- The Washington Times - Monday, July 11, 2016


When a congressman or senator leaves Washington as Bill Armstrong did in 1990, it doesn’t take long for the political class to move on as if he or she never existed. When the late Phil Crane left Congress after losing his seat in 2004 as the then-longest-serving Republican in the House, his former fellow Illinois House member, friend and Cabinet member Ed Derwinski and I took him to lunch, where Ed told him that he might as well have his phone disconnected because “all those folks you thought were your friends are never going to call.”

There are more than a few former congressmen and senators hanging around Washington. Some are successful lobbyists, lawyers and senior statesmen and -women, but many are just, well, here because they don’t want to go home and cannot figure out what else they might do.

Others serve, leave and never look back. Former Colorado Sen. Bill Armstrong, who died July 5 at the age of 79, won a Senate seat in 1978 by beating an incumbent Democrat in a landslide after serving three terms in the House. He was a star; as both a congressman and senator, conservatives trusted his word, looked to him for leadership, and even dreamed that one day he might run for president. He was selected one year by the editors of Washingtonian magazine as “the gutsiest member of the Senate,” fought for meaningful tax reform and succeeded in getting tax indexing adopted for the first time, was a major sponsor of the Balanced Budget/Tax Limitation Amendment in the ‘80s, fought for missile defense and never surrendered on a matter of principle. He loved President Ronald Reagan but didn’t hesitate to oppose some of his spending proposals as just too costly.

In a sense, he was more an old-style conservative than some of the fire-breathing right- and left-wingers today who talk only to each other and find it difficult if not impossible to work with those with whom they disagree. Bill Armstrong worked across the aisle and was well liked by Democrats as well as Republicans. Maybe it was his religion or just the fact that he was, well, likeable, but he mastered the art of being able to disagree without being disagreeable.
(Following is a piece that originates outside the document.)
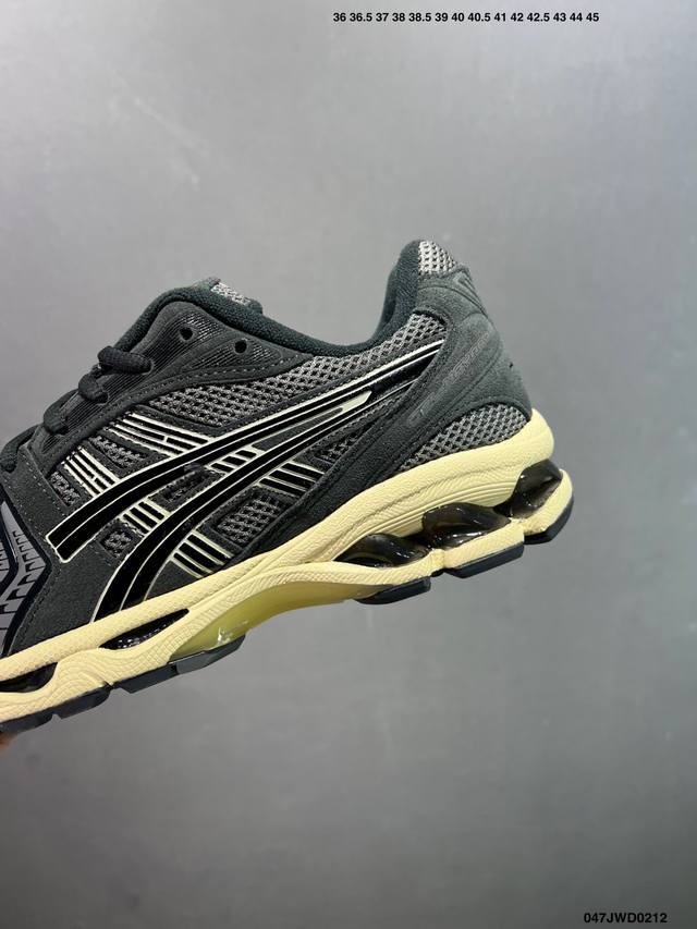 亚瑟士系列轻量缓震休闲运动跑步鞋 设计师 Hidenori Yamashita 以 Flash 一词为灵感,创造出未来感金属色鞋面,改造升级内在性能,由内而外全面革新,为 Gel-Kayano 家族传承及经典跑鞋文化的延续,创下里程碑式作品。Asics Gel Kayano 14 跑鞋重新诠释了复古的跑步形状,并以其 2000 年代后期的美学理念重新铺装,银色与蓝色的鞋面极为高档.网面铺陈与鞋面、鞋头多处细节位增添了透气性。Asics Gel Ka

Young politicians on both sides of the aisle might benefit from what Bill Armstrong told an interviewer about getting along with others back in 1983: ” It’s awfully easy to be brash, and feel like you’ve got all the answers. But as you gain more experience, you realize nobody has all the answers, and that fosters a degree of intellectual humility.”

When Bill Armstrong decided to leave the Senate rather than run for re-election in 1990, movement conservatives were heartbroken and moved on. Mr. Armstrong, however, knew just what he was doing. He’d rebuilt the Colorado Republican Party following the Watergate disaster in the ‘70s, and while he may have had enough of Washington, he fought as hard for the principles that brought him back to the Centennial State as he had in Congress.

He accepted the presidency of Colorado Christian University in 2006 and put the place on the map. It is today recognized as a “college of distinction” and has been ranked as one of the top 2 percent of colleges and universities in the country for the quality of its core curriculum. Bill was there to pass on the values in which he believed so strongly to future generations. Seven years ago, he launched the Western Conservative Summit in Denver, which brings thousands of western conservatives together each year as part of Bill’s effort to pass on those values.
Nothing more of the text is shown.